As I was watching "Mysteries at the Museum" they were showcasing a wearable computer made in the late 50's early 60's. Amazingly, this device not only accepted input and provided an incredibly accurate output, but it was also Wireless. AMAZING! What was even more interesting was its application. It was designed to show that math could predict the outcome of roulette. It was deemed by its creators to have been 100% successful and now resides at the MIT museum. 

          This device was made back in the day when a computer filled a room and required hard lines of communication and power. Now something of that base of power comes in a $5 digital watch. Keeping that in mind, we are about to hit a change in the integration of man and machine. Devices such as Google Glass will allow man to access additional powers. Granted, we're not going to put them on and fly like Superman to our next meeting. 

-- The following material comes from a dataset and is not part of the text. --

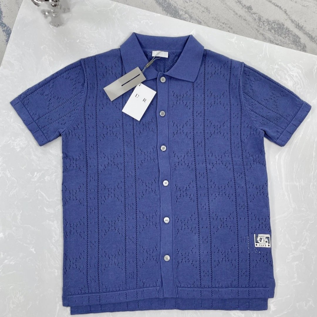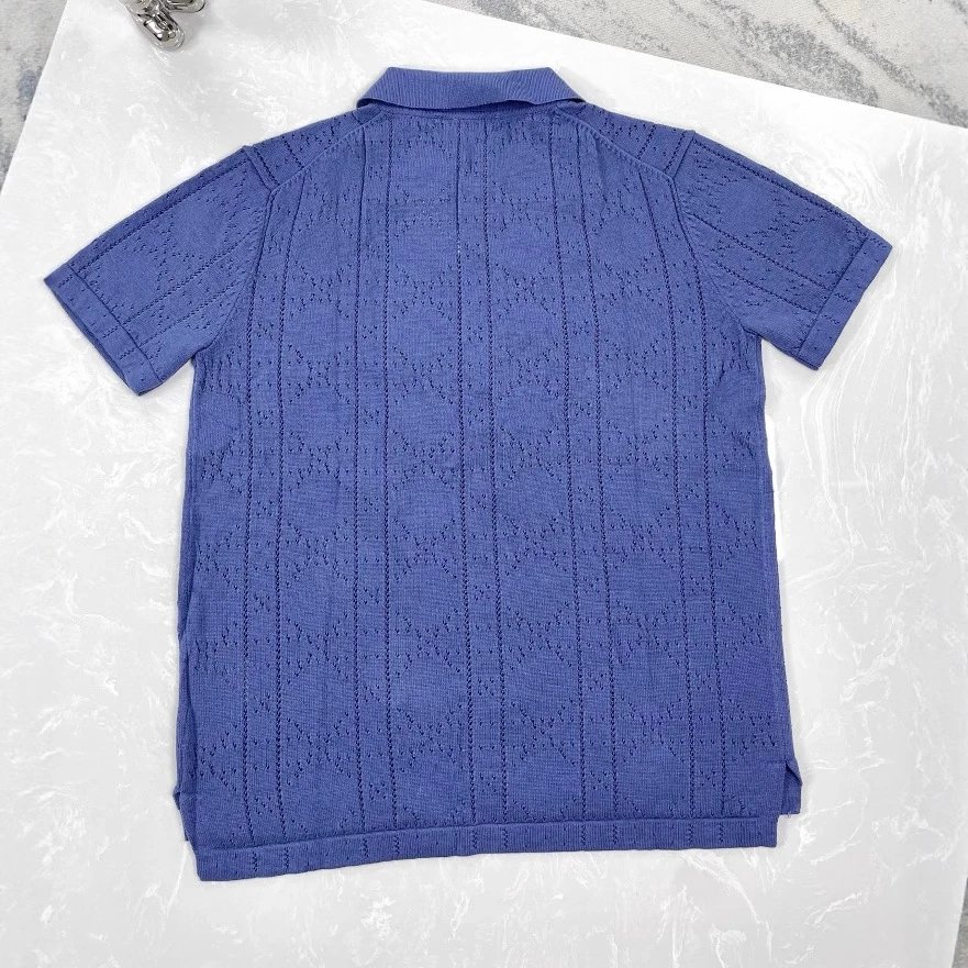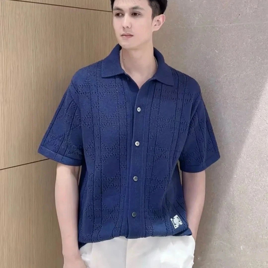 2025夏季新款DO家菱形镂空针织翻领POLO衫针织短袖T恤

          We may not end up with laser beams from our eyes but we will obtain new capabilities. Looking at the previous example, how easy would it be to provide feedback to the wearer of these devices about the world around them. Picture this, you have you new Glasses. These provide you with discrete information about the world around you. Discrete here meaning, the rest of the world is not directly exposed to the same information as yourself. Unlike when you pull out your cellphone to check an email, these wearable interfaces will not allow anyone around you to see what you see. 

          So now you're in Las Vegas. Sitting at a blackjack table. Your new Glasses provide you with information about the world around you. I think you see where I'm going with this line. How does the casino know you're not running software that counts the cards? Counting cards, something anyone can really learn to do, but as you imbibe in the libations provided by the casino your accuracy will decline severely. Enter your Glasses, they can keep that info at your fingertips, or in this case your retinas. Counting cards is now a tool given to anyone with the right application on their device. 

          Let's look back at our previous example, roulette. Where the original device required direct input from the user, now with the camera you can just look at the wheel and ball to get the required information for the algorithm to process. Provided you're not running a bunch of other resource hogs on your new device it should provide you with the appropriate "bet" for the input. 

          This might even be able to work further on slot machines. Since they use a computer algorithm to randomize, it is possible that a counter or predictive algorithm could be made. 

          The point is that certain things are more public as a means of controlling unethical actions. As we move into this personally direct interaction with our technological augmentations we may have to enact social laws or business policy to keep ourselves from leveraging these new found abilities for... Evil!